Dual-energy approach to reduce cone-beam artefacts in a circular orbit cone-beam CT system

The authors propose a dual-energy approach to reduce cone-beam artefacts in a circular orbit cone-beam computed tomography (CT) system. When there exist multiple dense structures within a large cone angle, two-pass algorithm is ineffective for reducing cone-beam artefacts because high-density materials are incorrectly segmented with simple thresholding. The proposed algorithm utilises projection data obtained with dual-energy X-ray spectra to estimate projections of the high-density materials from multi-density anatomical structures.
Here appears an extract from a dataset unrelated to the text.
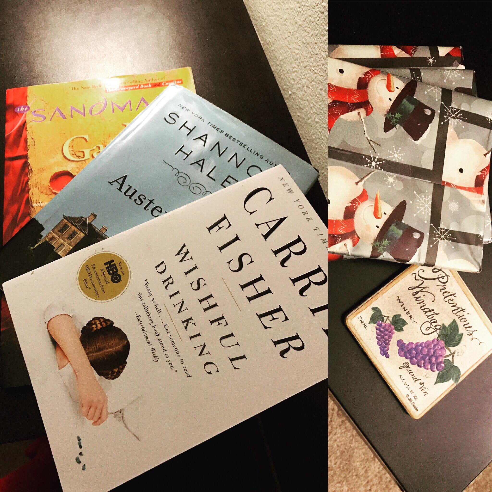 I came home from a poop day at work to a book exchange package from Katie (faintingviolet) and it made my day. I legit squealed when I opened the first book and saw Wishful Drinking. And I’ve been meaning to read Austenland and start Sandman for yearrrrs. (Although, I will confess that I’m actually super intimidated to start Sandman.) Thank you so much, Katie! And thank you for organizing this beautimous tradition.

Using bone and water as two of basis functions, the projection data of bone materials can be precisely estimated via dual-energy scans. Then, bone-only images are reconstructed by a constrained total-variation minimisation-based iterative algorithm. The reconstructed bone images are used to generate cone-beam artefacts and the final corrected images are acquired by subtracting the generated cone-beam artefacts from the original Feldkamp, Davis, and Kress images. The proposed method was validated using an extended cardiac-torso phantom with complex vertebral anatomy and compared with the two-pass algorithm. The results show that the proposed method restores distorted bony structures and intensity values, especially in regions with large cone angles. A qualitative evaluation of the mean-squared errors and structural similarities demonstrates the effectiveness of the proposed method compared to the two-pass algorithm.